PROLOG - TEBU MANTEN

21
19
Deskripsi

Hati dan otakku singkron satu kata. LARI!

Hal yang paling aku sesali seumur hidup adalah saat memutuskan untuk pindah ke tanah jahanam ini. Tempat terlaknat penuh kumbangan dosa dan maksiat. Iblis berwujud manusia berkuasa di sini.

Bangsat! Aku sudah tak bisa merasakan kakiku, semua persendianku rasanya mau lepas menerobos ribuan batang tebu setinggi dada yang tumbuh rapat. Napasku hampir putus belum lagi daun tajam menggores wajah dan lenganku. Pedih! Tunggul akar yang menyeruak membuatku terjungkal berulang kali, lengkap sudah penderitaanku. Malam ini aku pasti mati dan membusuk.
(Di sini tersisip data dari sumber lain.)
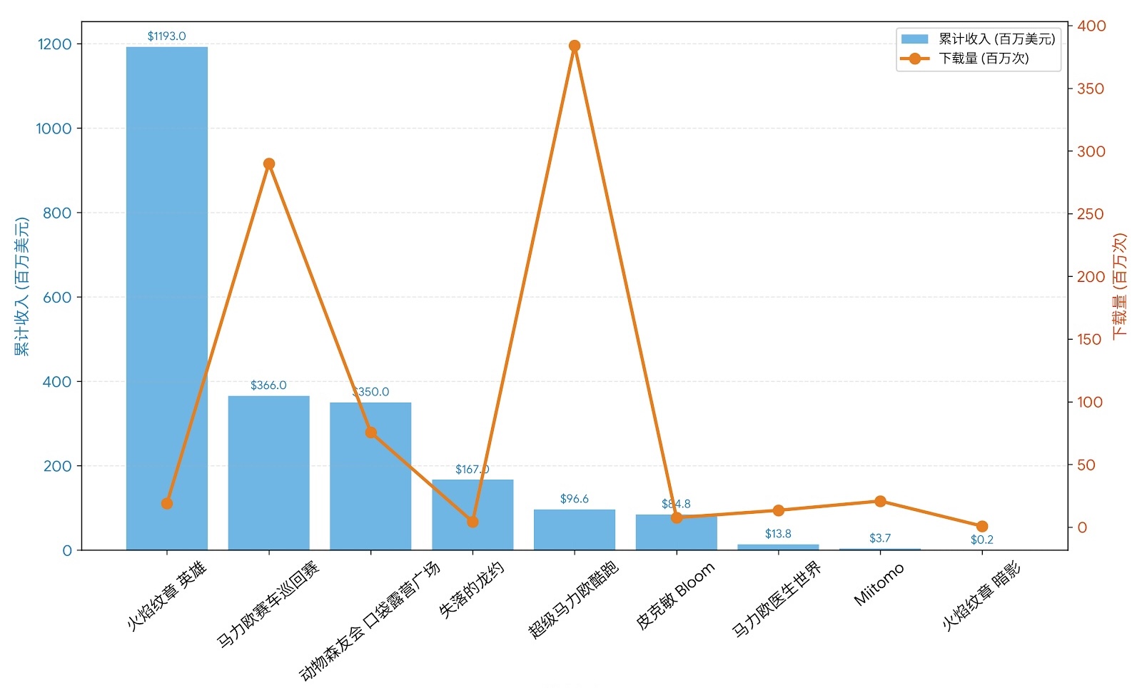 任天堂收入最高的手机游戏(按收入排名,到 2025 年第三季度)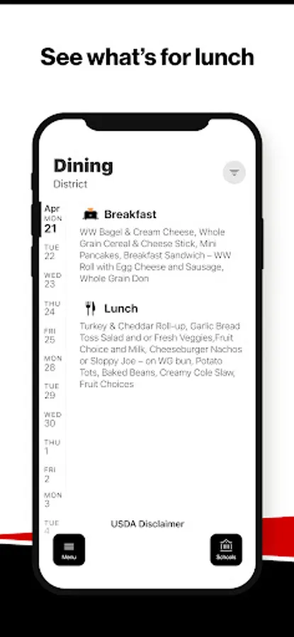 Within the dining section, you’ll find an easy to navigate, weekly menu, sorted by day and meal type.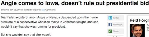 Honestly, Sharron Angle in Iowa? And honestly, a reporter and editor writing this story and putting it in a newspaper and on the Internet as if this was a potentially true thing, that Sharron Angle -- someone so crazy that she couldn't even beat Harry Reid, in Nevada, in 2010 -- thinks it's an "option" that she could run for president? Can we please skip straight ahead to 2013?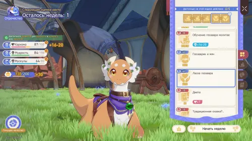 На третьей неделе выберите «Обучение геозавра молитве» на повышение Мудрости, «Молитвенное дело II» и «Геозавр делит пирог». Затем пройдите испытание по выбору блюд. Если вы следовали нашим указаниям, то должны будете получить нужные значения параметров.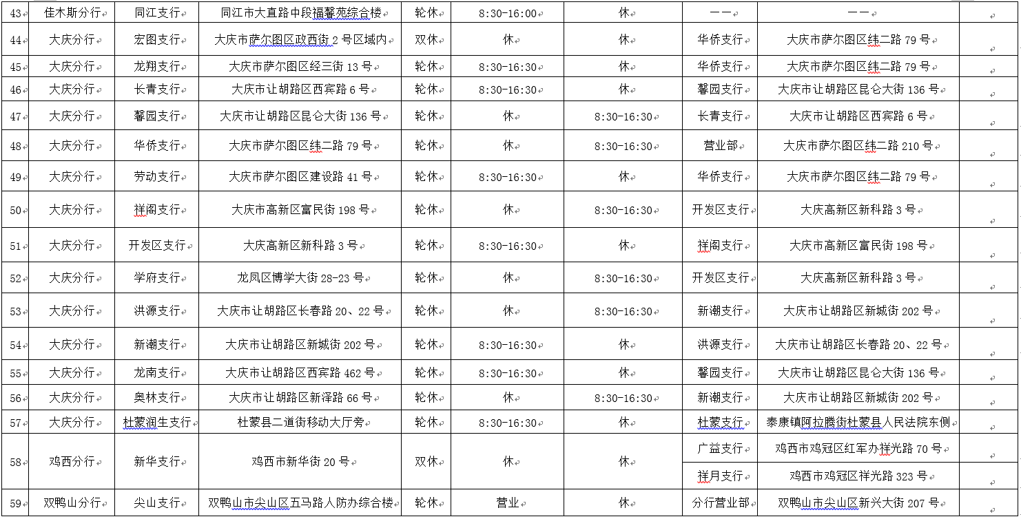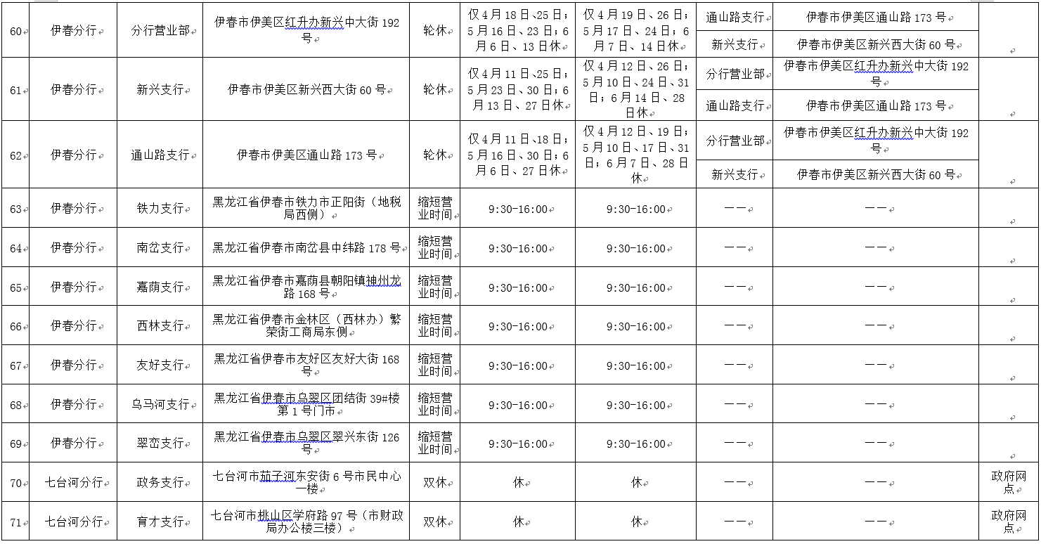 为优化网点服务资源配置,提升运营效率与服务质量,根据国家相关规定及我行实际运营情况,经报备监管部门,我行决定对部分营业网点实行轮休安排,现将具体轮休安排公告如下: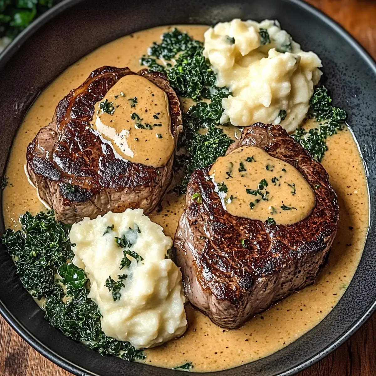 Garlic Irish Steaks with Whiskey Cream and Colcannon Bliss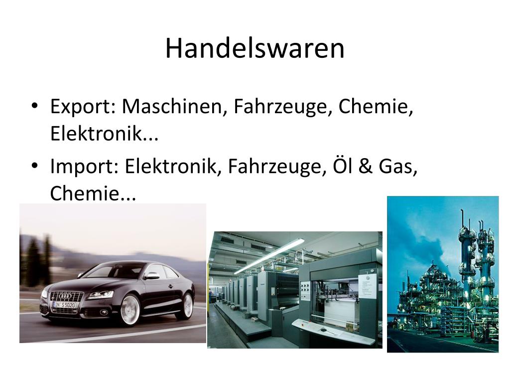 Handelswaren • Export: Maschinen, Fahrzeuge, Chemie, Elektronik... • Import: Elektronik, Fahrzeuge, Öl & Gas, Chemie...
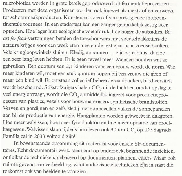 Niet dat het een verhaaltje is geworden over de bloemetjes en de bijtjes waartussen groene jongens en meisjes huppelen en waarin iedereen het plots eens is over de te volgen koers. Bepaald niet. Vromman schetst een utopie tegen de achtergrond van een dystopie – en dat laatste is letterlijk te nemen. Er is geen ecologische of sociale ramp te bedenken of ze passeert de revue. Te beginnen met een nucleaire oorlog. Maar ook regenbommen komen er in voor – soms lijkt het alsof God (het Lot, de Toekomst – kies maar) Steven Vromman al een avantpremière gunde. In werkelijkheid heeft de auteur natuurlijk gewoon zijn huiswerk goed gedaan en veel wetenschappelijke lectuur doorgenomen.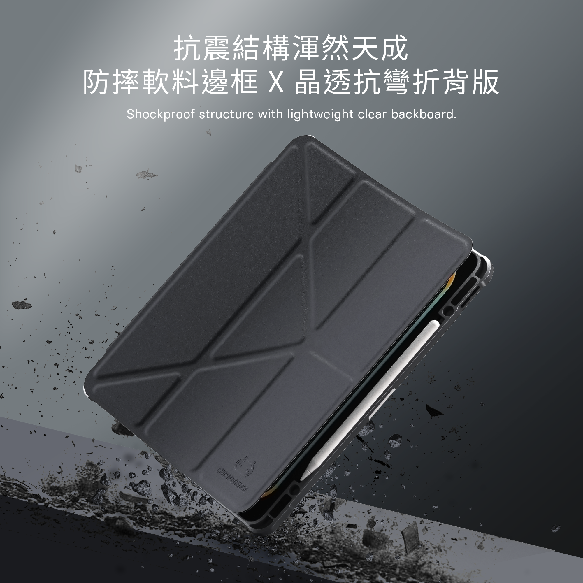 ● 防摔結構邊框與透明背板,有效防止iPad彎折與刮傷。

Tidak-tidak aku tak boleh menyerah ... Ayo lari lebih cepat. Sedikit lagi! Berjuanglah!

Suara gaduh dan bergemuruh di belakang semakin dekat, puluhan orang menyusul. Suara deru mobil bercampur umpatan dan makian. Lampu sorot dan suara anjing menyalak bersahutan semakin membuatku ketakutan. Mereka mengejarku seperti binatang buruan.

"Anj*** ke mana dia?"

"Goblok! Cari satu orang aja gak becus!"

"Orang itu pasti belum jauh. Hei! Bawa kemari golok itu, tebas saja tebu-tebu ini kalau bisa sekalian batang lehernya!"

"Iya, Pak"

"YOU?! Arahkan lampu tembak itu kemari!"

"YES SIR!"

"Nganti ketemu tak cincang awak'e!" (kalau sampai ketemu saya cincang badannya)

Aku segera merunduk dan bersembunyi di antara batang tebu yang mulai tinggi dan rimbun. Di tengah bayang-bayang itu aku bergerak merayap, tanah merah menempel di sepatu dan tanganku. Peduli Setan! AYO CEPAT!

Cahaya terang di atas kepalaku menyorot ke arah kanan dan kiri. Jantungku sudah seperti piston motor 4 tak, memompa darah dan adrenalin ke seluruh tubuh. Bahkan aku bisa mendengar degup suaranya di sela napasku yang memburu.

Aku tak boleh mati di sini perkampungan warga sudah dekat. Pria 'itu' aku harus segera minta bantuan padanya. Hanya dia yang bisa aku percaya saat ini. Seandainya saja aku mendengarkan Adismi. Goblok! tak ada gunanya menyesal sekarang. Ayo bangkitlah!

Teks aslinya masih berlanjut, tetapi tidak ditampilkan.